A bucket of minnows.
A roadside canal.
The boat slid into the water, a minnow went out, and the adventure officially began.

Fish after fish came to the boat. Peacock bass in the three to five pound range mixed with solid largemouth bass. Fish chased bait to the surface and launched themselves clear of the water. My boys were laughing, shouting, comparing every catch. There were no scales. No measurements. It did not matter… Well, it always matters; but no time for that!
Two hours passed without any of us noticing. Even though none of us were ready to stop, the guide said he had another spot, one even better than the first. We loaded the jon boat back into the truck and headed out again.
The next stop was even harder to believe. An industrial parking lot with a pond hidden behind it, the kind of place you would drive past without slowing down. Once again the boat went in. Once again the rods bent almost immediately.
This time the fish were bigger. Stronger. About an hour in, I hooked something that stayed deep and pulled hard, peeling drag and refusing to surface. I was sure this was the giant peacock bass we had all been hoping for.
When it finally came up, everything stopped.
Snakehead.
Thick bodied. Powerful. Staring back at us like it belonged exactly where it was. The boys leaned in close, wide eyed. This was real, and unbelievably cool.
If the day had ended there, it would have been enough.
But there was one more stop.
We loaded the boat back into the truck and headed out one final time.
We pulled into a quiet neighborhood lined with massive homes and trimmed hedges. A small opening led to a beautiful pond with a fountain in the center. No boat this time. Just rods, minnows, and calm water.
Every cast produced something. Peacock bass. Largemouth bass. Bluegill. Cichlids. We were told to stay near the opening and fish around the fountain.
Then I heard my oldest yell, “I got him.”

As I got closer, I realized he had hooked the largest iguana I had ever seen in person. It leaped into the water and the fight continued. Thrashing. Swimming. Drag pulling. For five minutes he chased and fought this baby dinosaur, then spent nearly as much time figuring out how to get it out of the water and wrangle it long enough for a picture. He was completely locked in.
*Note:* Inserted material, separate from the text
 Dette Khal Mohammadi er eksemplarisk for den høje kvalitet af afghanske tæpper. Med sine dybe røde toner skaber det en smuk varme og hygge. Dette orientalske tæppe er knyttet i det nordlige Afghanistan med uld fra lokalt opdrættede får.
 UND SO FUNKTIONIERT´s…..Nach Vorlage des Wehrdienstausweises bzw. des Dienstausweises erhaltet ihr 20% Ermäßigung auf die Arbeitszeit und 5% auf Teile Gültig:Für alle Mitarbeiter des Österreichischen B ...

With the all important photos finally taken, he released it carefully. After a lightning quick run and a graceful belly slide, the iguana disappeared back into the water, leaving us standing in awe.
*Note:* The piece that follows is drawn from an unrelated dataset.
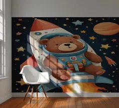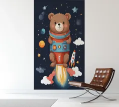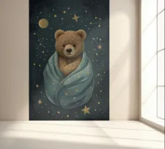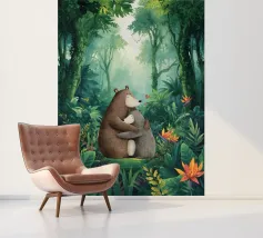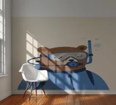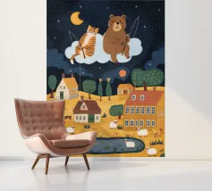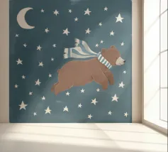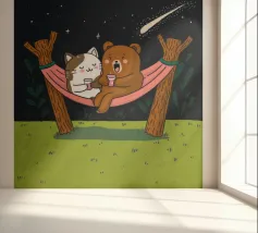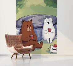 Een speelse illustratie van twee beren die bellen blazen in de ruimte die plezier en verwondering toevoegt aan elk decor of kleding. Perfect voor dromers van alle leeftijden.

When it was over, he smiled, rod still in hand.
It was moments like this, scattered throughout the day, that reminded me what it was all really about.
It was never just the fish. It was about showing my boys that fishing is more than locations or species. It is curiosity and patience. It is the willingness to try something unfamiliar and trust that the water will teach you something if you give it the time. It was watching them learn that the best days on the water rarely look the way you expect them to.
Years from now my boys may not remember the exact number of fish we caught or how much they weighed. But they will remember standing beside their father, rods in hand, in places most people drive past without a second glance. They will remember the excitement of a bent rod, the laughter between bites, and the realization that real adventure often begins far from a marina.
My wish is that those moments will remain, as clear and vivid as the colors of a peacock bass exploding from a quiet canal.